Lets just pray the power does not go out, or it gets to cold tonight. I think i would pretty much lose it if i lost all my mantids?


----------



## angelofdeathzz (Oct 28, 2012)

ismart said:


> I do, but it does not help much when water is seeping from the walls. Because we are so close to the water. The sewage system here stinks. I don't even know if i'm supposed to show up for work tomorrow? I don't want to head over there just to find they have closed the building due to the storm?


Yeah and if the power goes out the pumps are no good anyways, I wish you the best bud, plan ahead and get what you can out of the basement now?


----------



## agent A (Oct 28, 2012)

ismart said:


> Lets just pray the power does not go out, or it gets to cold tonight. I think i would pretty much lose it if i lost all my mantids?


yeah, me too

i might have to jump out a window if i lost all my babies, like the wallies, orchids, idolo, cali ooths, patellifera/bipapilla babies, creos, majs, tenodera and anything else i cant think of as i type it


----------



## angelofdeathzz (Oct 28, 2012)

ismart said:


> Lets just pray the power does not go out, or it gets to cold tonight. I think i would pretty much lose it if i lost all my mantids?


Use heat packs on your most valuable ones?!?


----------



## lancaster1313 (Oct 28, 2012)

I hope that everyone will be OK.

I suffered some damage already. I don't believe that it was that bad here, but it seemed to hang around for a while and it is huge!

If you don't have generators get one if you are able to. Generators saved our butts after hurricane Wilma in 2005 when my daughter was newborn and the power was out for what seemed like forever.


----------



## ismart (Oct 28, 2012)

angelofdeathzz said:


> Yeah and if the power goes out the pumps are no good anyways, I wish you the best bud, plan ahead and get what you can out of the basement now?


Thanks! I have already taken out all that i could. I even cut the power down there just in case the water rises to the outlets down there. And here i thought things could not get any worse. My girl works for the city so she will be going in tonight. Now that's stressing me out even more. :no:


----------



## ismart (Oct 28, 2012)

likebugs said:


> I hope that everyone will be OK.
> 
> I suffered some damage already. I don't believe that it was that bad here, but it seemed to hang around for a while and it is huge!

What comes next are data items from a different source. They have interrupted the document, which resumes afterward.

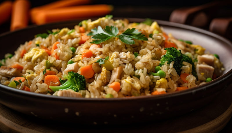 Gebakken rijst met cashewnoten, paprika, courgettes & kip
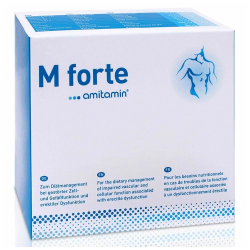 amitamin® M forte ist nicht als einzige Nahrungsquelle geeignet. Trocken und lichtgeschützt bei Raumtemperatur lagern. Außerhalb der Reichweite von kleinen Kindern aufbewahren. Nicht für Kinder und Jugendliche unter 18 Jahren. Unter ärztlicher Aufsicht verwenden. M forte enthält Arginin und Mikronährstoffe, die für die Funktionalität der Gefäßinnenwand (Endothel) und damit die männliche Erektion wichtig sind. Weitergehende Erläuterungen zur Zweckdienlichkeit in der Packungsbeilage.
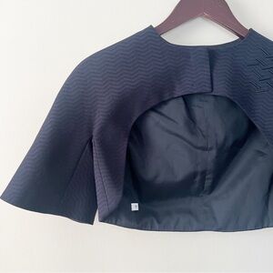 Brand new with tags. Navy blue zig zag print tailored shrug. Round open front. Luxury Italian brand. Short sleeves. Hidden Button closure. High round neck. Beaded appliqué on shoulder.
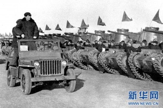 1949年3月25日,中共中央和人民解放军总部机关由河北省平山县西柏坡迁至北平。下午5时,在北平西苑机场举行了盛大的阅兵式,毛泽东、朱德、刘少奇、周恩来等中央领导同志检阅了人民解放军部队。这是毛泽东在检阅坦克部队(资料照片)
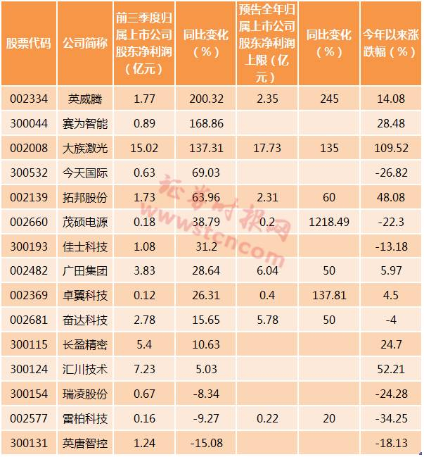 从A股市场来看,通达信软件显示,深圳有15只机器人概念股。从前三季度盈利表现来看,有12股前三季度归属上市公司股东净利润同比增长,英威腾、赛为智能、大族激光等涨幅居前,瑞凌股份、雷柏科技和英唐智控同比出现下滑。与此同时,英威腾、大族激光、拓邦股份等8股发布了全年业绩预告。

This storm is freaking huge! :blink:


----------



## agent A (Oct 28, 2012)

ismart said:


> My girl works for the city so she will be going in tonight. Now that's stressing me out even more. :no:


u have a daughter?


----------



## ismart (Oct 28, 2012)

angelofdeathzz said:


> Use heat packs on your most valuable ones?!?


Yeah, the heat packs are on stand by.


----------



## Rick (Oct 28, 2012)

Non event for us for once. Couple inches of rain and some 7 mph winds. I just don't see it being that bad really based on my previous experience with hurricanes. But the weather people seem to think otherwise. It's not really even a hurricane as much as it is a nor'easter. Hopefully I am right.


----------



## ismart (Oct 28, 2012)

Rick said:


> Non event for us for once. Couple inches of rain and some 7 mph winds. I just don't see it being that bad really based on my previous experience with hurricanes. But the weather people seem to think otherwise. It's not really even a hurricane as much as it is a nor'easter. Hopefully I am right.

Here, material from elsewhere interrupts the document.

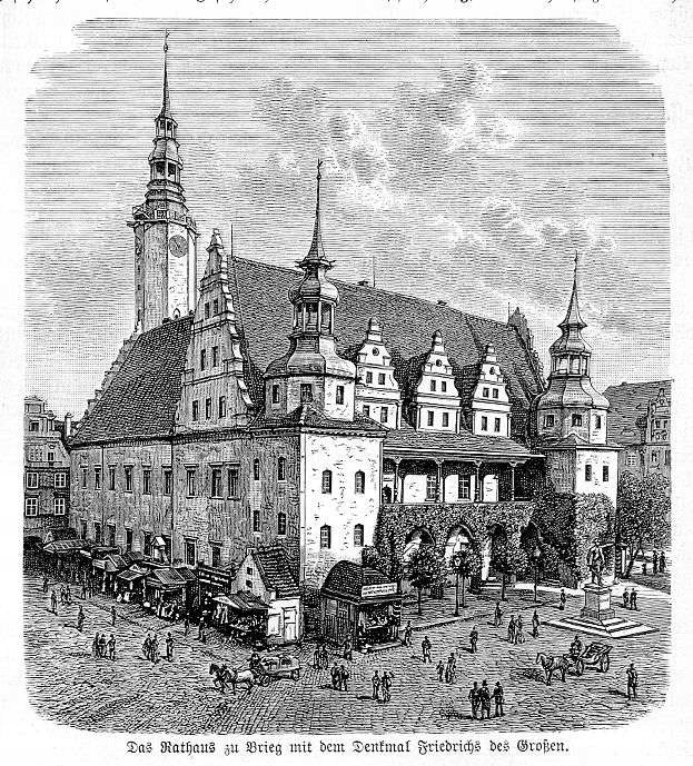 - Должность: "Das Rathaus zu Brieg mit dem Denkmal Friedrichs des Großen."

I do hope your right Rick. Normally i would not be such a worry wort, but they are giving this storm so much hype.


----------



## Rick (Oct 28, 2012)

ismart said:


> I do hope your right Rick. Normally i would not be such a worry wort, but they are giving this storm so much hype.


They really are.


----------



## aNisip (Oct 28, 2012)

likebugs said:


> I hope that everyone will be OK.
> 
> I suffered some damage already. I don't believe that it was that bad here, but it seemed to hang around for a while and it is huge!
> 
> If you don't have generators get one if you are able to. Generators saved our butts after hurricane Wilma in 2005 when my daughter was newborn and the power was out for what seemed like forever.

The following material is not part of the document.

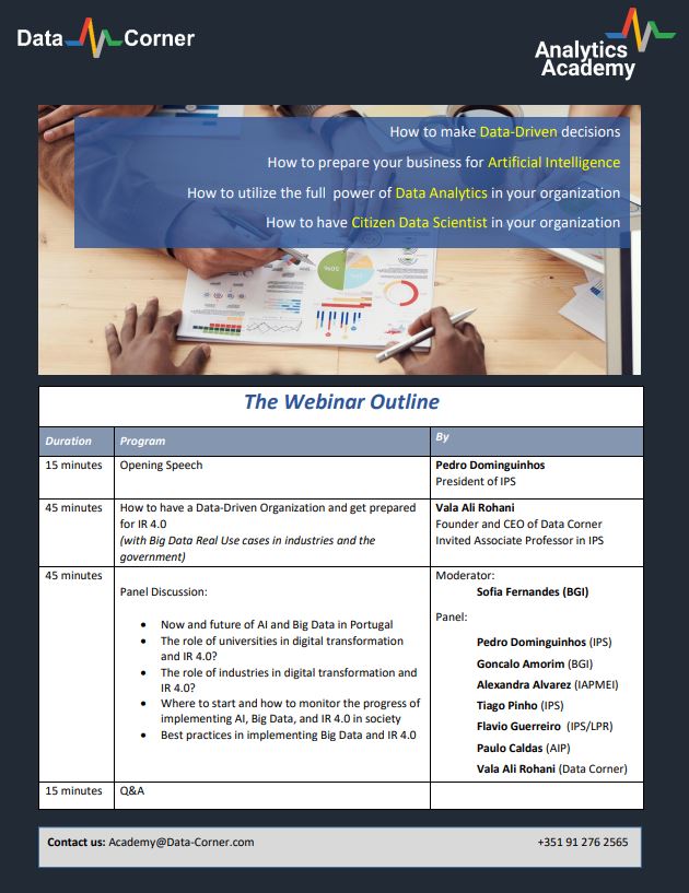 In the era of big data and industry 4.0, becoming analytics-driven is essential for the companies and organizations who want to keep their competitive advantages. It is quite important to know how to take the full advantage of Data Science towards generating actionable insights and making data driven decisions.

Us floridians know how to deal with these hurricanes  generators are the way to go! But!!! Do not! Keep them running indoors bc the Carbon Monoxide released can and will be dangerous...store it outside in a shed or something....have a bunch of bottled water and food...and flashlights (w/ working batteries)! I kno some of these things seem obvious but you would be amazed at what ppl don't kno what to do...


----------



## ismart (Oct 28, 2012)

I was looking into getting a generator. I put it on hold, because i'm having a ton of work done on the house. Now i'm thinking maybe i should not have put that off?


----------



## brancsikia339 (Oct 28, 2012)

The gusts right now are so loud you can hear it loud and clear even though all the windows and doors are shut! I stepped outside before and it is WINDY! Leaves are flying off the trees by the hundreds!


----------



## patrickfraser (Oct 28, 2012)

Good luck to all of those in the path of Sandy.


----------



## ismart (Oct 28, 2012)

Honestly over here it's really not that bad yet. It's windy, but i'm more worried when the rain comes. Flooding for me is inevitable.


----------



## aNisip (Oct 28, 2012)

Seriously u guys should look into getting a generator and a few power cords if u want ur mantids with specific requirements, to survive....news forecasters are predicting 10million without power....i hope you guys kno what you are up for...its not a little storm, its a hurricane, named Sandy, and she's pissed...


----------



## ismart (Oct 28, 2012)

Getting a generator right now is close to impossible. Even if the power goes out? I have plenty of heat packs to keep all my babies nice and toasty for a long, long time.


----------



## aNisip (Oct 28, 2012)

Mmk, sounds good i smart (is paul ur name?) ...now all you need is a pump and you're all set  ... yeah your basement will get flooded bud, sorry...best move all things that can get damaged outta there...  

All the best,

Andrew


----------



## patrickfraser (Oct 28, 2012)

Awww, no worries. I hear Sandy is full of wind. Oh wait........ :surrender:


----------



## brancsikia339 (Oct 28, 2012)

AndrewNisip said:


> Seriously u guys should look into getting a generator and a few power cords if u want ur mantids with specific requirements, to survive....news forecasters are predicting 10million without power....i hope you guys kno what you are up for...its not a little storm, its a hurricane, named Sandy, and she's pissed...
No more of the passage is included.